US dockworkers have agreed to end a three-day strike that brought shipping to a standstill along the east and Gulf coasts, after reaching a tentative six-year pay deal with the United States Maritime Alliance (USMX).
The strike, which began on October 1, halted container traffic at 36 ports from Maine to Texas, affecting major hubs like New York, Baltimore, and Houston.
Members of the International Longshoremen’s Association (ILA) union, representing 45,000 workers, walked out for the first time since 1977. The economic cost of the strike was estimated at up to $5 billion per day by JP Morgan analysts. Workers returned to their posts after the USMX agreed to a wage increase of 62% over six years. The deal represents a significant improvement over the employers’ earlier offer of a 50% rise.
Despite this resolution, the dockworkers have only suspended their strike until January. The union has said it will return to the bargaining table to negotiate on other issues, particularly automation, which the ILA fears will lead to widespread job losses.
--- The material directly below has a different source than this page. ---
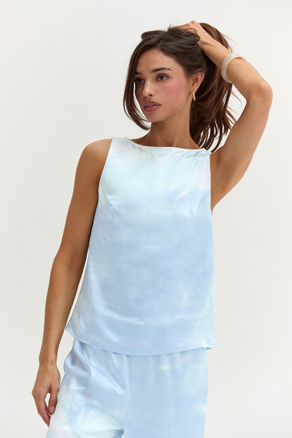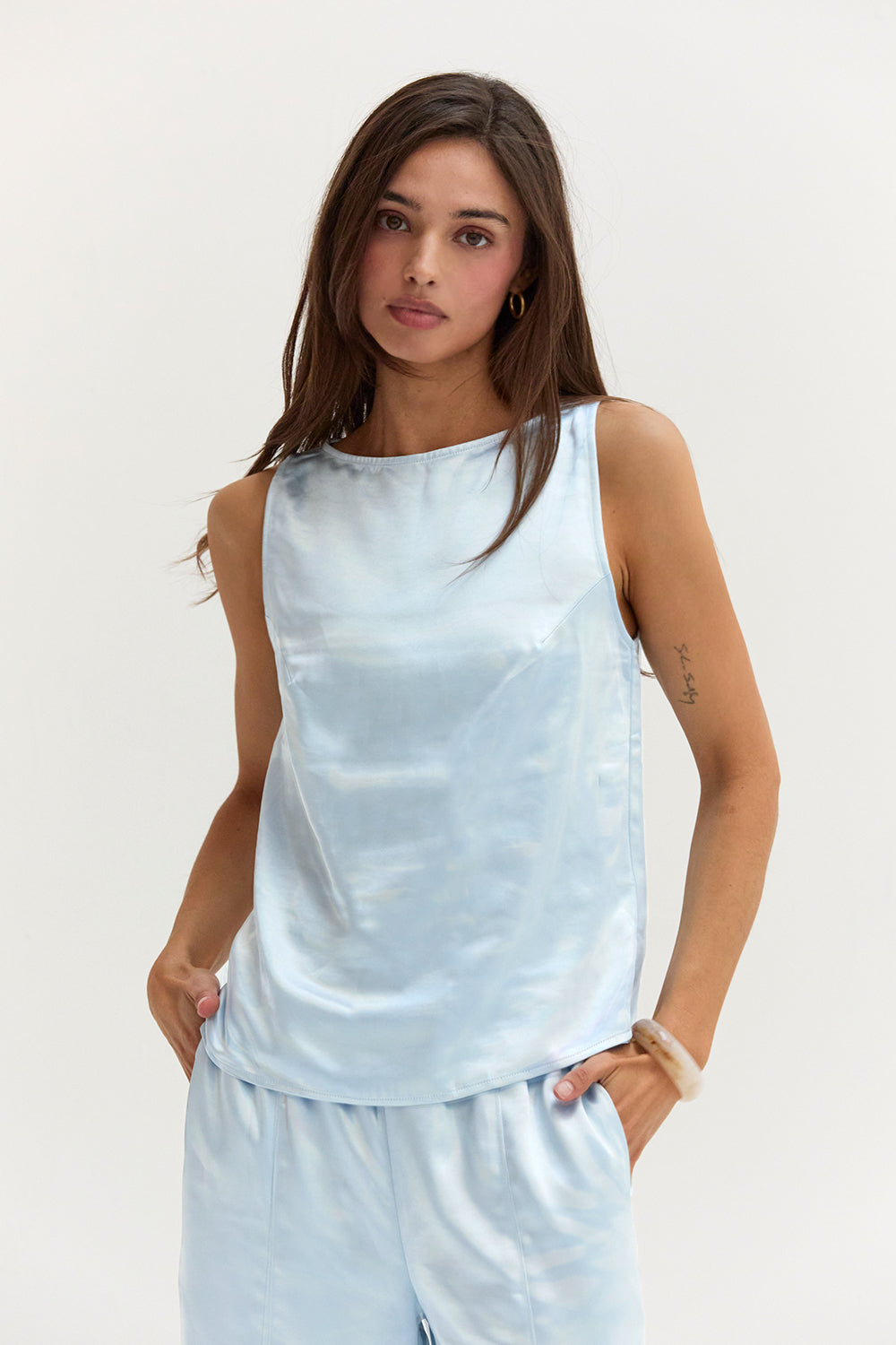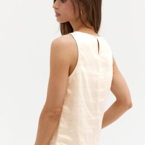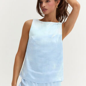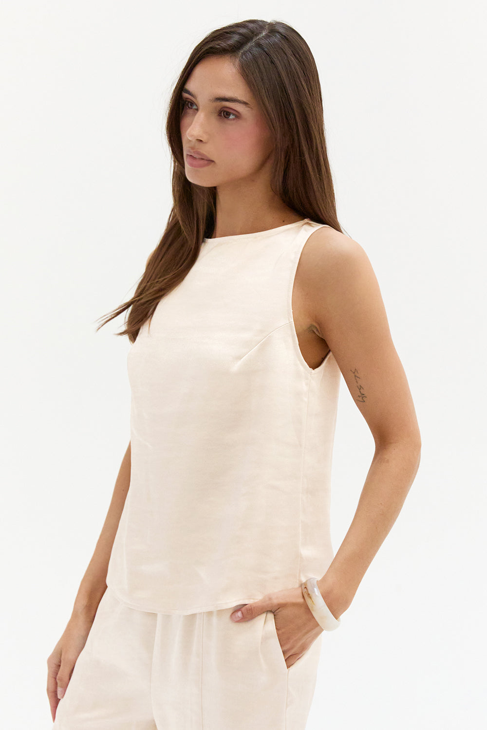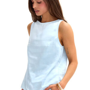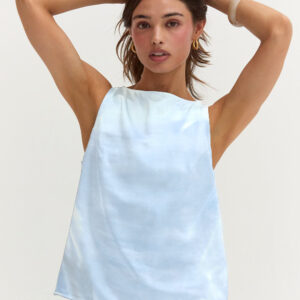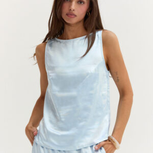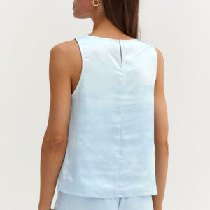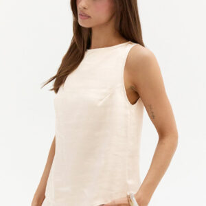 The Dawn Satin Sleeveless Top features a clean boat neckline and sleeveless silhouette in a smooth satin finish. Designed with subtle bust darts and a back keyhole, it offers a relaxed, easy fit.

President Joe Biden welcomed the agreement, emphasizing the importance of the dockworkers to the nation’s economy. “Today’s tentative agreement on a record wage and an extension of the collective bargaining process represents critical progress towards a strong contract,” Biden said. Vice-President Kamala Harris also praised the deal, reiterating the power of collective bargaining and the importance of fair wages for essential workers.